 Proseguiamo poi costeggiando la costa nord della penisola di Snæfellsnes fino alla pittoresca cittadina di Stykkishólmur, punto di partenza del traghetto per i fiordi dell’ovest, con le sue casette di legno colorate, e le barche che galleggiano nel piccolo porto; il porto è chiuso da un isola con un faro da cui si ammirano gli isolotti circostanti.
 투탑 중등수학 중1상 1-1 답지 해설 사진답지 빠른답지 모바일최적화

--

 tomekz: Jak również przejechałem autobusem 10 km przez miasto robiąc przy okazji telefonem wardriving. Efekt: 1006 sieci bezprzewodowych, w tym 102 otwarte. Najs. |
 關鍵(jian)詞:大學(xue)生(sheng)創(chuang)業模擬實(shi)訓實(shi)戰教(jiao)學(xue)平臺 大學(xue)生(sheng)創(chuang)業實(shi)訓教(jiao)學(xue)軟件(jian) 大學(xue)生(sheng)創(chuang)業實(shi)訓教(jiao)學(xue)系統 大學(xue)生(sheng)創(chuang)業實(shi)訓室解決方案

--

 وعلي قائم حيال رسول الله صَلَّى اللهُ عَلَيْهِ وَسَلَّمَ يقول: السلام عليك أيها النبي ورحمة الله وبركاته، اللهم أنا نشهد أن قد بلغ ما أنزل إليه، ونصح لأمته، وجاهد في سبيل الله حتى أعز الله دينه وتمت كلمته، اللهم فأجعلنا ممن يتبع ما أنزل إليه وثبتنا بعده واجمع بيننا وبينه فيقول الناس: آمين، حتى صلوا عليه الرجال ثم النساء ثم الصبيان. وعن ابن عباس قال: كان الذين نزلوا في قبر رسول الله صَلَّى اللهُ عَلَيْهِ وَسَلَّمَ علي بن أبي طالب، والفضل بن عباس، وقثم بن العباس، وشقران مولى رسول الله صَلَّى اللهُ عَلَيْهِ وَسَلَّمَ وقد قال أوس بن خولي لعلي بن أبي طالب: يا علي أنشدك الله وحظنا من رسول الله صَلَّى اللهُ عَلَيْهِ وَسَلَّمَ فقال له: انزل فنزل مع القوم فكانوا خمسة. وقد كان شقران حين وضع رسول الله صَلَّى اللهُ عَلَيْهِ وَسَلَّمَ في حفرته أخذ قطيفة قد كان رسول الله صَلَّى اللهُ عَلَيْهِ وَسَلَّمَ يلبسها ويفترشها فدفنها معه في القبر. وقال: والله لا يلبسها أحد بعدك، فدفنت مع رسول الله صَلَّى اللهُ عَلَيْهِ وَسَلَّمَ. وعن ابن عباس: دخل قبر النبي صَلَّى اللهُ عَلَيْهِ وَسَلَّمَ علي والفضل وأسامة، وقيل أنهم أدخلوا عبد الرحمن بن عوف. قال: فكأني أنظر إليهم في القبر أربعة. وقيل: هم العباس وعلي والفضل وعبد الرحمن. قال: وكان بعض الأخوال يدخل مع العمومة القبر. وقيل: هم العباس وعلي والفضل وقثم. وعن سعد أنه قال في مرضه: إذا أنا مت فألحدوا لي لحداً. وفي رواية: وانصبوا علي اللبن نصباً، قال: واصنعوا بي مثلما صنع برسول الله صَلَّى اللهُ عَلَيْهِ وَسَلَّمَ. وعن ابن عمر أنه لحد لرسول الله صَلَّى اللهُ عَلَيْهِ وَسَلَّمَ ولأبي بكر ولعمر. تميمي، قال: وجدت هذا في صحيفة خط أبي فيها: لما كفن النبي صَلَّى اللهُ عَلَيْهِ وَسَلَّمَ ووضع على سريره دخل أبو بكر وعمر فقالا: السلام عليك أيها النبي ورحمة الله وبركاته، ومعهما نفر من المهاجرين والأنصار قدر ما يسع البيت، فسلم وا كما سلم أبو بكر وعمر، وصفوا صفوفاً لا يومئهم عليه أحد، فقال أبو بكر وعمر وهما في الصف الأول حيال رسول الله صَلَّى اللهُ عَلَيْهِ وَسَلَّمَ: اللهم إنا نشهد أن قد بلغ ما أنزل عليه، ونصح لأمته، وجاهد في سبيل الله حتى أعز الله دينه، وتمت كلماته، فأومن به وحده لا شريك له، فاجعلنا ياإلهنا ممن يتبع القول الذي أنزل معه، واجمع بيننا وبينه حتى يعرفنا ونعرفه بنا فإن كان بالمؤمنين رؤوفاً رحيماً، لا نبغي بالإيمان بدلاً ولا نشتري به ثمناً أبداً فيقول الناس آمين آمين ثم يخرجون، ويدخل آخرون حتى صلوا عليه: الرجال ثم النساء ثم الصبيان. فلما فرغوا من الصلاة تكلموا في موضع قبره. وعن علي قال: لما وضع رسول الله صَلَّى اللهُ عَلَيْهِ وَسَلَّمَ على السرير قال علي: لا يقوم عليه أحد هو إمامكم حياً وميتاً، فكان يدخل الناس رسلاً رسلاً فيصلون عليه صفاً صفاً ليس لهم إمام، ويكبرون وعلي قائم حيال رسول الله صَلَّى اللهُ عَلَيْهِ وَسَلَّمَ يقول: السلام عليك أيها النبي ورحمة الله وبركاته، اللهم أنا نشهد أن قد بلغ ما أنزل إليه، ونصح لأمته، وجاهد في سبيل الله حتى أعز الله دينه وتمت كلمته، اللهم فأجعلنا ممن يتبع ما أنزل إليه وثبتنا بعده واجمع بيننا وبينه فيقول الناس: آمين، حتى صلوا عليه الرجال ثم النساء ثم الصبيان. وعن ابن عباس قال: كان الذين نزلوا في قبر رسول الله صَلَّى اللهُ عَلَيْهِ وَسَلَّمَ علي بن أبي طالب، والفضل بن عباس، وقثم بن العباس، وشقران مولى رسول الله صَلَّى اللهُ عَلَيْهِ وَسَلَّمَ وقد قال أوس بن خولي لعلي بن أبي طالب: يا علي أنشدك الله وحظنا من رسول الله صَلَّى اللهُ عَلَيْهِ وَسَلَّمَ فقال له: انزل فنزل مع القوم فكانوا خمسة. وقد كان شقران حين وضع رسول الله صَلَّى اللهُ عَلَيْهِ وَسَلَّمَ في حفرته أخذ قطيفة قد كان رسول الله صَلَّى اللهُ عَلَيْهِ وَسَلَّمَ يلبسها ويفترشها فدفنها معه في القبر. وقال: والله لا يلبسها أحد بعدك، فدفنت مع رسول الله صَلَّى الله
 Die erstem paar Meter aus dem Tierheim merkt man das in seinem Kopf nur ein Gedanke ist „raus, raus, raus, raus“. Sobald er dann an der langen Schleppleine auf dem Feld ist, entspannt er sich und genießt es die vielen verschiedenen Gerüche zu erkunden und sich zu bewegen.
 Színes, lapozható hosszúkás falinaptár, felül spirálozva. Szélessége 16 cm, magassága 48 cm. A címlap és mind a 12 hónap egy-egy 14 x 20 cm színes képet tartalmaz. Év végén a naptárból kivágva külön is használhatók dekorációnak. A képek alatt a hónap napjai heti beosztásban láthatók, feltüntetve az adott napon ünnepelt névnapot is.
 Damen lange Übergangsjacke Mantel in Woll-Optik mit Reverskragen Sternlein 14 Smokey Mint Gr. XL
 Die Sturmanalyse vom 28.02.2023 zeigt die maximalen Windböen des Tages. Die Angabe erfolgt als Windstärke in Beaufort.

» **Exercise brief**
Word for word, restate the lines above from the line containing "Színes, lapozható hosszúkás" through the line containing "Die Sturmanalyse vom", with both included and nothing else.

» **Response to this exercise**
 Színes, lapozható hosszúkás falinaptár, felül spirálozva. Szélessége 16 cm, magassága 48 cm. A címlap és mind a 12 hónap egy-egy 14 x 20 cm színes képet tartalmaz. Év végén a naptárból kivágva külön is használhatók dekorációnak. A képek alatt a hónap napjai heti beosztásban láthatók, feltüntetve az adott napon ünnepelt névnapot is.
 Damen lange Übergangsjacke Mantel in Woll-Optik mit Reverskragen Sternlein 14 Smokey Mint Gr. XL
 Die Sturmanalyse vom 28.02.2023 zeigt die maximalen Windböen des Tages. Die Angabe erfolgt als Windstärke in Beaufort.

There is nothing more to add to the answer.